Есть новые дома, квартиры, гостиные, спальни, кабинеты.
Я оглядел двор, улицу, небо. Все было пустынно. Ребята не торопились возвращаться из своего загадочного полета.
Радость поет, как весенний скворец...
— Нет, вы не правы, товарищ писатель! Когда их родители уезжали на отдых, ни о какой собаке и речи не шло. Каждый должен иметь свою прописку. Собака незаконна в этих стенах.
И разгневанная тетка Алены, Ветра и Кира указала квадратным пальцем на сидевшего на паркете подсудимого — задумчивого умного Гаврика. Гаврик и ухом не повел. Он ведать не ведал, что находится без прописки в квартире своих друзей.
— Тогда переселим собаку ко мне, — сказал я.
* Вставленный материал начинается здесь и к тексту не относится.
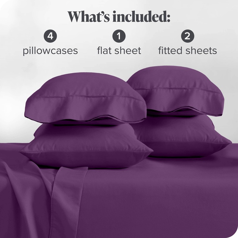 Bare Home Hotel Luxury Split King Sheet Set, Extra Soft - 7 Piece Set - Deep Pockets - Easy Fit - Cooling & Breathable - Wrinkle, Fade, Stain Resistant - Set Includes 4 Pillowcases (Split King, Plum)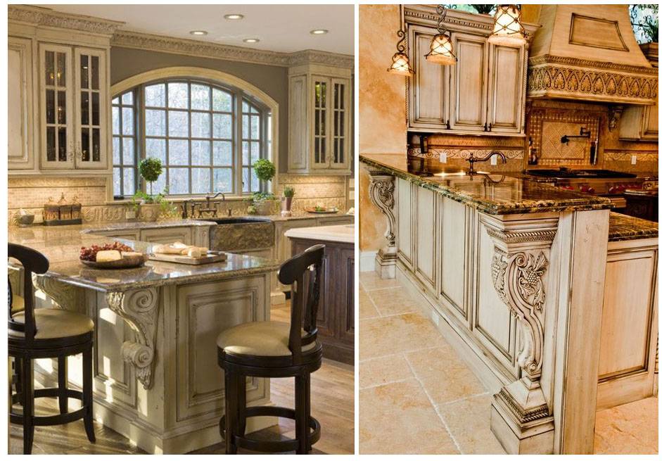 Шкафы часто оснащены специальными приспособлениями: для хранения посуды, для сушки тарелок, для декорирования вытяжки или газовой колонки, а также нишами для бытовой техники. Модульная мебель — это готовые секции определенного размера: есть тумбы со столешницами, комоды, шкафы под мойку, навесные открытые и закрытые полки с одной или двумя дверцами, угловые напольные и навесные модели.

— Не против. — Тетя Лена уперлась мощным оранжевым затылком в спинку кресла, вытянула толстые ноги, закурила сигарету. — Вы один в квартире, а у меня муж-доцент. Он не переносит лишних звуков.
— Кир, — сказал я, стараясь быть спокойным, — бери Гаврика и мигом переселяйся.
— Есть! — Кир схватил с пола сеттера. Ветер, бросив хмурый взгляд на тетку, встал рядом с ним.
— И я с вами! — Алена распахнула дверь. — Идем, ребята!
Они достали мячики на резинках из карманов и постукали о свою дверь: мол, прощай...
— Американские? — спросила, выглядывая из-за двери любопытная тетя Лена.
— Нет, наши. — Алена изо всех сил ударила мячиком о стену. — Вот он купил. — Она метнула взгляд в мою сторону.
И тут мяч разлетелся. Из него посыпалось что-то желтое.
— Я знала, что этим кончится, — произнесла тетя Лена, взяла щепотку опилок, понюхала. — Странно пахнет...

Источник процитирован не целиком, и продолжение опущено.